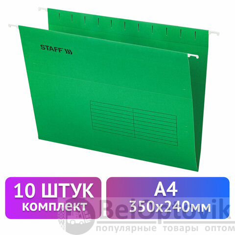 Подвесные папки А4 (350х240 мм) до 80 л., КОМПЛЕКТ 10 шт., зеленые, картон, STAFF, 270929
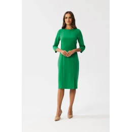 Představujeme vám okouzlující šaty tužkového střihu, které kombinují klasický šarm s moderním stylem. Jsou vyrobeny z vysoce kvalitní látky, takže jsou nejen elegantní, ale také pohodlné. Kulatý výstřih jim dodává na jemnosti. Modelující prošití procházející středem šatů zvýrazňuje siluetu a dodává eleganci. Rukávy ve 3/4 délce jsou univerzální a módní. Délka šatů sahá nad kolena, což jim dává univerzálnost pro různé příležitosti. Na přední straně a na boku je rozparek, který šatům dodává charakter. Skrytý zip na zádech usnadňuje oblékání. Šaty nemají podšívku, takže jsou lehké a pohodlné na nošení. Tyto šaty byly navrženy a ušity v Polsku, což svědčí o jejich kvalitě a jedinečnosti. Jsou ideální volbou pro mnoho příležitostí, od formálních setkání až po uvolněnější akce, a dodají vám sebevědomí a styl.
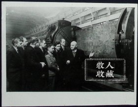 列宁格勒斯大林冶金工厂是苏联最大的制管中心,工厂内有着最新式的生产设备。图为该厂的工人和工程师正在共同研究解决复杂的生产技术问题。(1张,1954年拍摄)原版老照片 保真保老
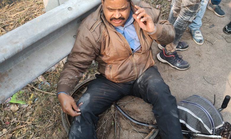 एलेन कूपर शोरूम के पास टेंपो डाला चालक पिंटू कुमार पुत्र रमेश कुमार धना खोरी थाना हरवंश मोहन कानपुर ने डीजे का सामान लेकर कानपुर से ग्राम सरोसा थाना अजगैन उन्नाव जा रहा था एलेन कूपर के पास एक्सीडेंट कर गया टेंपो डाला में डीजे मालिक सूरज पुत्र रामस्वरूप रावत, रंजीत रावत पुत्र मोहनलाल निवासी गण ग्राम सरोसा थाना अजगैन उन्नाव बैठे थे चोटिल हो गए डाला जब पलटा तो साइकिल से जा रहे रामेश्वर वर्मा पुत्र वंश गोपाल 490 /5 इंदिरा नगर चोटिल हो गए जिनके पैरों में काफी चोट आई चोटिल तीनों लोगों को तत्काल 108 नंबर से सदर जिला अस्पताल भिजवाया गया
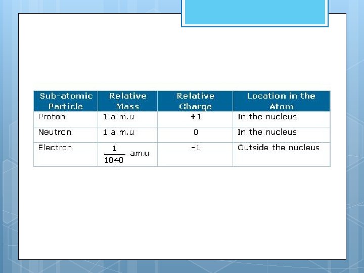 Protons and neutrons are both located in the nucleus and have about the same mass. They are held together by strong charges - Protons have a positive charge (+) - Neutrons have no charge Electrons (e-) have a negative (-) charge, and 1/1840 the mass of a proton. Electrons are constantly moving and are located in the area surrounding the nucleus The (-) charges of the electrons are attracted to the (+) charge of protons, to balance the atom
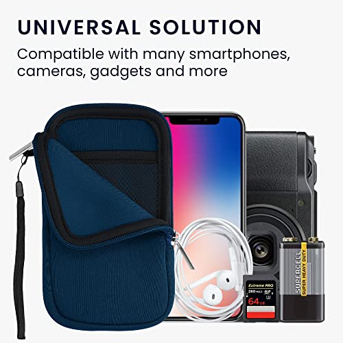 Kwmobile Custodia in Neoprene con Zip per Smartphone L - 6,5" - Astuccio Portacellulare a Sacchetto con Cerniera - Borsa in blu marino
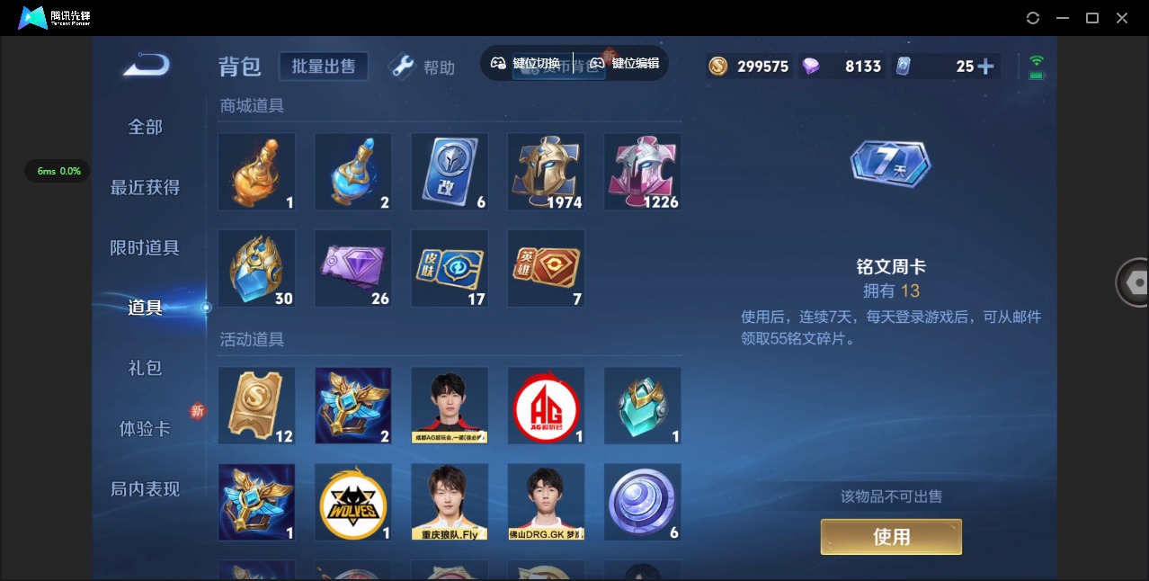 - [11881779]V8 2典藏 16传说 123英雄 333皮肤 可修改实名 优质装备:全息碎影(猴子典藏),神鉴启示录,黄金射手座,冠军飞将,猫影幻舞,云霓雀翎,末日机甲-孙尚香(绿蚂蚱),地狱火,仲夏夜之梦(大飞蛾),地狱之眼,超时空战士-狄仁杰 传说皮:死亡执政官,幻光神枪 珍宝阁皮:妄想食味,玩趣恶龙 限定皮:愿照·九州拓(澜年限),鸣野蒿,至尊宝,白虎志(电光耗子),凤求凰(白切鸡),飞衡(韩信年限),遇见飞天,高山流水,五谷丰年,游园惊梦,梁祝,天狼狩猎者,天狼绘梦者,李小龙,朱雀志(守约年限),辉光之辰,一生所爱,大圣娶亲,引擎之心,神奇女侠 史诗皮:化蝶舞,星界战将,龙之律动,百相守梦-周瑜,茶境仙,破空之剑,蒙犽顽岩魄,蔬乡物语(鲁班七号),百相守梦-黄忠,紫霞仙子,苍穹之光,电玩小子(小书包),白龙吟,黄金分割率,特工魅影,千年之狐,江河有灵,百解令(蒙犽),高渐离燃音魔法,蒙恬荣光圣徽,无限星赏官,冰冠公主,偶像歌手,白蛇,末日机甲-吕布,猫狗日记-孙策,猫狗日记-大乔,乱世虎臣,节奏热浪,女仆咖啡,摇滚巨星,水果甜心,绅士熊喵,天才门将,星夜王子,心灵骇客,功夫厨神,德古拉伯爵,暗隐猎兽者,幽灵船长,鬼剑武藏,心灵战警,舞动绿茵,地狱岩魂,纤云弄巧,繁星吟游(呼啦呼啦),拒霜思,缤纷独角兽,乘风破浪,逐浪之夏,水晶猎龙者,曙光守护者,箭羽风息,金属风暴,原初追逐者,圣诞狂欢,圣诞恋歌,鹰眼统帅,暗夜贵公子,魅力维加斯,无心,未来纪元-赵云
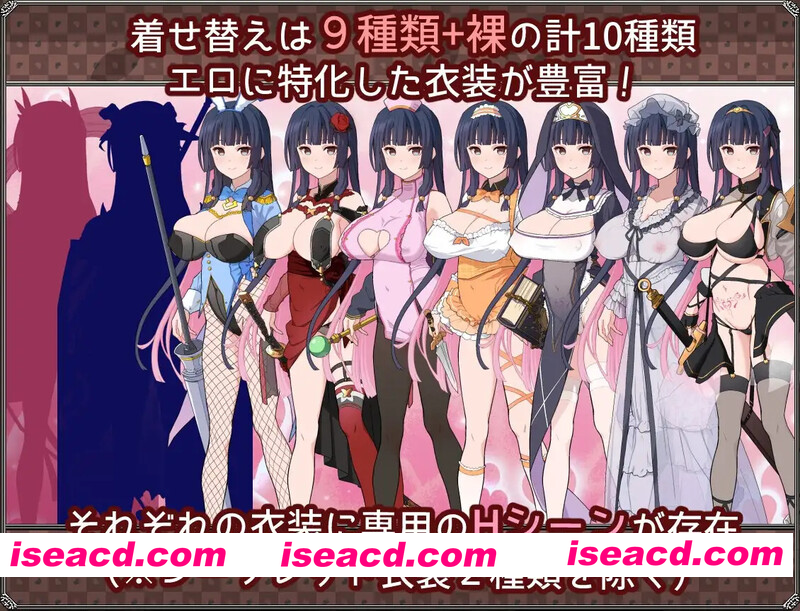 [游戏特色] • 强化了砍杀(Hack and Slash)元素,自由度更高。 • 主角等级和属性无限上升的超通胀游戏。 • 拥有众多丰富且个性化的技能,战略性多样。 [关于情色场景] 总计 105 个场景 • 主要场景(使用单独 CG)55 个 • 次要场景(使用通用 CG)50 个 [CG 数量] ・基本 CG 共 80 张 ・差分超过 500 张 [换装相关] • 换装种类:9 种 + 裸体差异 ※ 包含 2 种秘密服装 特定服装或裸体状态需提升“淫欲度”方可解锁。 [H 元素] ・装甲破坏 主人公在受到一定次数的攻击后,服装会逐渐破损。服装随时可以修复。 ・H 状态 ・怀孕/分娩 [深入要素] 游戏中存在许多与故事推进无关的深入要素。 要完全通关所有内容极其困难。 [其他系统] ・可处女通关 ・多重结局 ・游戏包含周目要素 [便捷功能] ・战斗加速 ・战斗结果自动处理 ・跳过开场动画 ・消息窗口临时隐藏 ・通过帮助了解操作说明及术语解释 ・结局后可完全解锁所有成人场景 [没有哦!]·战斗情色(仅限衣物破损)·战斗失败情色·情色类不良状态 [更新日志] 更新信息 BUG修复 细微的数值调整 BUG修复 修复了存档画面 可能已修复了当Windows语言设置为非日语时偶尔会发生错误的问题
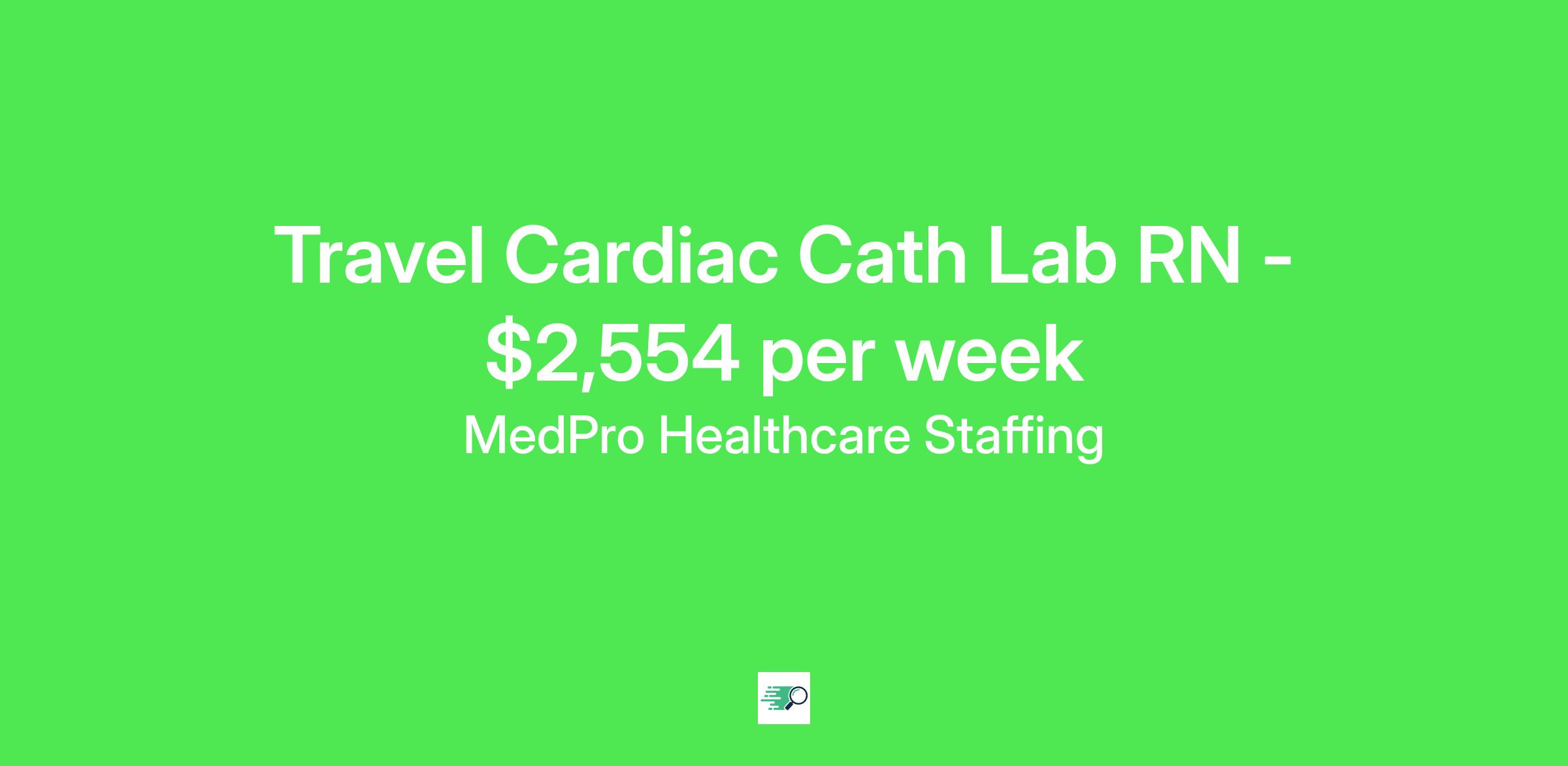 MedPro Job ID . Pay package is based on 10 hour shifts and 40 hours per week (subject to confirmation) with tax-free stipend amount to be determined. Posted job title: Cath Lab Registered Nurse Nursing: Cath Lab Nurse (Diagnostic).
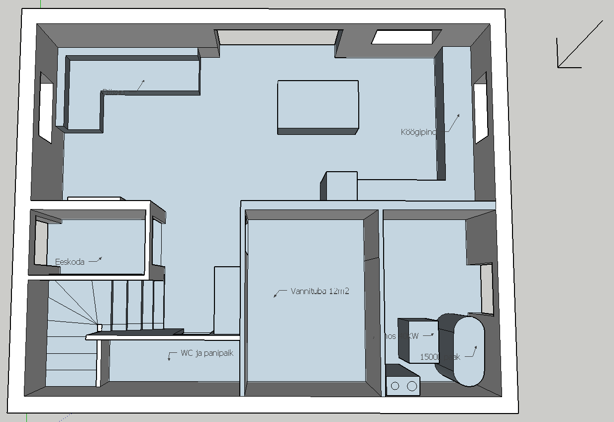 Igasugune konstruktiivne kriitika on teretulnud miks midagi teisiti võiks teha. Maja asetust lõuna suuna suhtes ei saa muuta, ning küljepeal sisenemine on samuti soositud asukohas. Kui keegi täpsemalt kaasa tahab rääkida, siis võin üles laadida ka SketchUp faili.
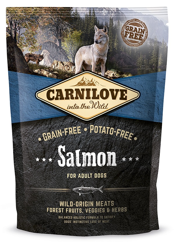 Runsaasti lohta sisältävä ja herkullinen kuivaruoka aikuisille koirille. Lohi on erinomainen helposti sulavien proteiinien lähde. Se sulaa elimistössä helposti, ja sillä on tulehduksia estävä vaikutus. Carniloven kuivaruoka tukee koiran aivotoimintaa sekä immuniteettia. Lohi ja lohen rasva ovat hyväksi silmien terveydelle, jonka lisäksi ne kohentavat ihon ja turkin kuntoa sekä ulkonäköä. Se antaa myös tukea nivelille. Kuivaruoka pitää sisällään 70 % monipuolisia eläinproteiinilähteitä, 30 % marjoja, kasviksia ja yrttejä. Näiden yhdistelmä on hellävarainen ruoansulatukselle. Carniloven kuivaruoka ei sisällä lainkaan keinotekoisia kemikaaleja, säilöntäaineita tai väriaineita. Lohessa on runsaasti tyydyttymättömiä Omega-3-rasvahappoja, jotka tukevat kognitiivista kehitystä, sydän- ja verenkiertoelimistön hyvinvointia sekä kiihdyttävät aineenvaihduntaa alentamalla verensokeria. Ei viljoja, perunaa tai GMO-ainesosia.
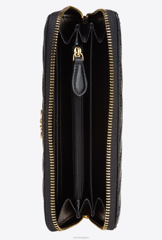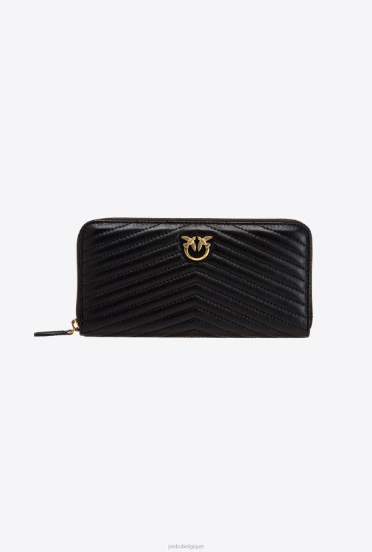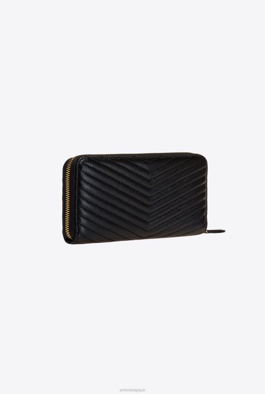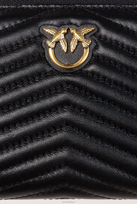 Pinko sac à main zippé en cuir nappa à motif chevrons B244D1155 sacs à main | noir-or antique

REQUIREMENT:
Here the job is to copy the listing above word for word, starting at the line with "列宁格勒斯大林冶金工厂是苏联" and ending at the line with "- [11881779]V8 2典藏", and to leave out the pictures.

ANSWER BOX:
 列宁格勒斯大林冶金工厂是苏联最大的制管中心,工厂内有着最新式的生产设备。图为该厂的工人和工程师正在共同研究解决复杂的生产技术问题。(1张,1954年拍摄)原版老照片 保真保老
 एलेन कूपर शोरूम के पास टेंपो डाला चालक पिंटू कुमार पुत्र रमेश कुमार धना खोरी थाना हरवंश मोहन कानपुर ने डीजे का सामान लेकर कानपुर से ग्राम सरोसा थाना अजगैन उन्नाव जा रहा था एलेन कूपर के पास एक्सीडेंट कर गया टेंपो डाला में डीजे मालिक सूरज पुत्र रामस्वरूप रावत, रंजीत रावत पुत्र मोहनलाल निवासी गण ग्राम सरोसा थाना अजगैन उन्नाव बैठे थे चोटिल हो गए डाला जब पलटा तो साइकिल से जा रहे रामेश्वर वर्मा पुत्र वंश गोपाल 490 /5 इंदिरा नगर चोटिल हो गए जिनके पैरों में काफी चोट आई चोटिल तीनों लोगों को तत्काल 108 नंबर से सदर जिला अस्पताल भिजवाया गया
 Protons and neutrons are both located in the nucleus and have about the same mass. They are held together by strong charges - Protons have a positive charge (+) - Neutrons have no charge Electrons (e-) have a negative (-) charge, and 1/1840 the mass of a proton. Electrons are constantly moving and are located in the area surrounding the nucleus The (-) charges of the electrons are attracted to the (+) charge of protons, to balance the atom
 Kwmobile Custodia in Neoprene con Zip per Smartphone L - 6,5" - Astuccio Portacellulare a Sacchetto con Cerniera - Borsa in blu marino
 - [11881779]V8 2典藏 16传说 123英雄 333皮肤 可修改实名 优质装备:全息碎影(猴子典藏),神鉴启示录,黄金射手座,冠军飞将,猫影幻舞,云霓雀翎,末日机甲-孙尚香(绿蚂蚱),地狱火,仲夏夜之梦(大飞蛾),地狱之眼,超时空战士-狄仁杰 传说皮:死亡执政官,幻光神枪 珍宝阁皮:妄想食味,玩趣恶龙 限定皮:愿照·九州拓(澜年限),鸣野蒿,至尊宝,白虎志(电光耗子),凤求凰(白切鸡),飞衡(韩信年限),遇见飞天,高山流水,五谷丰年,游园惊梦,梁祝,天狼狩猎者,天狼绘梦者,李小龙,朱雀志(守约年限),辉光之辰,一生所爱,大圣娶亲,引擎之心,神奇女侠 史诗皮:化蝶舞,星界战将,龙之律动,百相守梦-周瑜,茶境仙,破空之剑,蒙犽顽岩魄,蔬乡物语(鲁班七号),百相守梦-黄忠,紫霞仙子,苍穹之光,电玩小子(小书包),白龙吟,黄金分割率,特工魅影,千年之狐,江河有灵,百解令(蒙犽),高渐离燃音魔法,蒙恬荣光圣徽,无限星赏官,冰冠公主,偶像歌手,白蛇,末日机甲-吕布,猫狗日记-孙策,猫狗日记-大乔,乱世虎臣,节奏热浪,女仆咖啡,摇滚巨星,水果甜心,绅士熊喵,天才门将,星夜王子,心灵骇客,功夫厨神,德古拉伯爵,暗隐猎兽者,幽灵船长,鬼剑武藏,心灵战警,舞动绿茵,地狱岩魂,纤云弄巧,繁星吟游(呼啦呼啦),拒霜思,缤纷独角兽,乘风破浪,逐浪之夏,水晶猎龙者,曙光守护者,箭羽风息,金属风暴,原初追逐者,圣诞狂欢,圣诞恋歌,鹰眼统帅,暗夜贵公子,魅力维加斯,无心,未来纪元-赵云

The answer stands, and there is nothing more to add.